# UPDATED: PRG Mini Lift and New Tires + Painted Wheels



## chinaman808 (Feb 16, 2006)

I just came in from painting my wheels black, took a long time but well worth the time and saved me $125 per wheel instead of getting them done professionally.

BEFORE:



















AFTER:




























Now all I have to do is either find black bumpers from an LE or find a way to paint those chrome bumpers


----------



## 93rustbucket (Sep 14, 2005)

damn!!! i love it. it'll look wicked with with black bumpers, cant wait to see it. dont forget the sidesteps too.


----------



## mcm4090 (Jan 20, 2006)

Very nice!
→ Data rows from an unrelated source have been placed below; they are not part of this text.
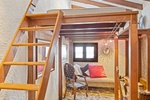 The master bedroom is located on the upper floor and offers direct access to a large, enclosed terrace that is also ideal as an office or studio.
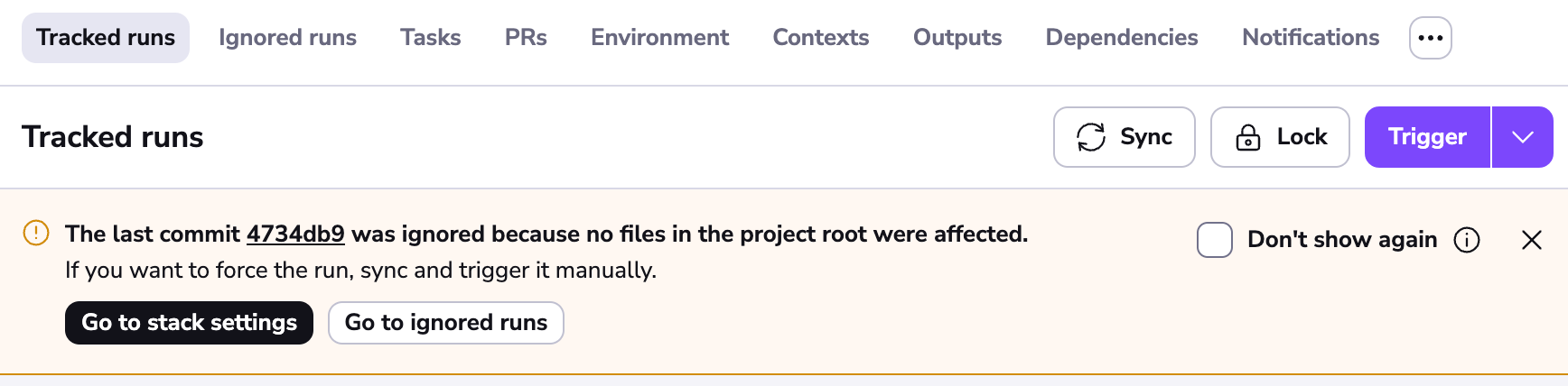 If you go to the main stack view where you can see the list of runs, a warning box will be shown in case your stack is not in sync. This warning will explain why the commit has been ignored.
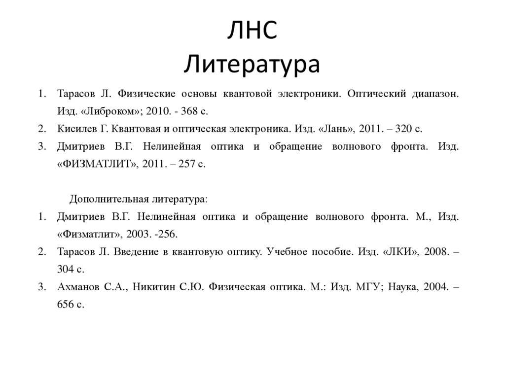1. Тарасов Л. Физические основы квантовой электроники. Оптический диапазон.Изд. «Либроком»; 2010. - 368 с.
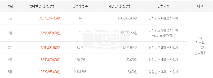 - 총 당첨금액: 27,575,274,384원

Sell the chrome, they are worth more.


----------



## msubullyfan (Jul 24, 2005)

If you're going to get black bumpers, I'd suggest painting the chrome grille "V" piece black, too.


----------



## =WD=big-X (Jan 30, 2006)

if you had chrome nerf bars and/or a bit of chrome or stainless steel along
the bottom of the truck it would look awesome with the chromed bumpers
you now have.

my .02


----------



## macd218 (Mar 13, 2006)

What did you use? Did you sand them and just use a gun? They look sweet! Dont mind if i steal your idea?


----------



## chinaman808 (Feb 16, 2006)

mac check this thread out, it will show step by step how

http://clubfrontier.org/modules.php?name=Forums&file=viewtopic&t=1471


----------



## macd218 (Mar 13, 2006)

Thanks, nice write up.


----------